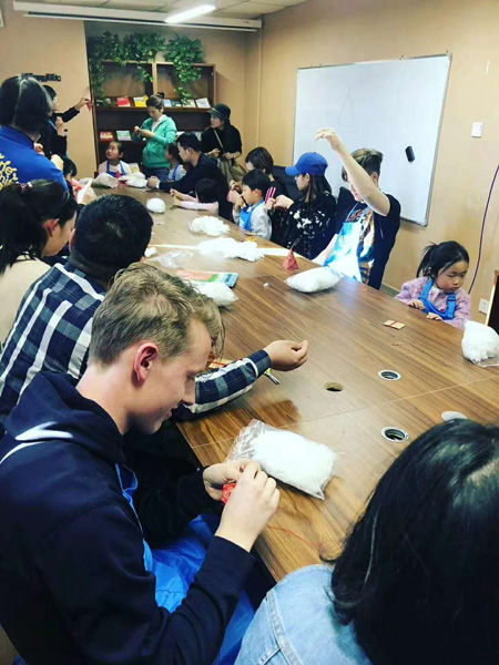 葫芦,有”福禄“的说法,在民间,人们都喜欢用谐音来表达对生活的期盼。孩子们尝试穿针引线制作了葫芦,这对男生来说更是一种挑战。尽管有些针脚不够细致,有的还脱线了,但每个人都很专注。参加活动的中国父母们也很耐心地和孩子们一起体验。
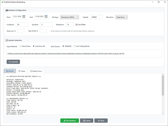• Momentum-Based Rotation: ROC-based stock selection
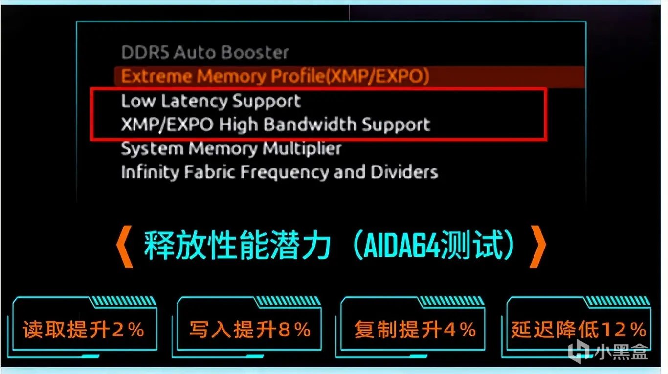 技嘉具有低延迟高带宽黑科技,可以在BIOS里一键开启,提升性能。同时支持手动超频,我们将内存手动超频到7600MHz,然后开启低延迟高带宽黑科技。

▶ [AIM OF THE TASK]: Set down word for word, from the line that contains "ROC-based stock selection" to the end of the listing above, every line and no picture.

▶ [TASK ANSWER]:
• Momentum-Based Rotation: ROC-based stock selection
 技嘉具有低延迟高带宽黑科技,可以在BIOS里一键开启,提升性能。同时支持手动超频,我们将内存手动超频到7600MHz,然后开启低延迟高带宽黑科技。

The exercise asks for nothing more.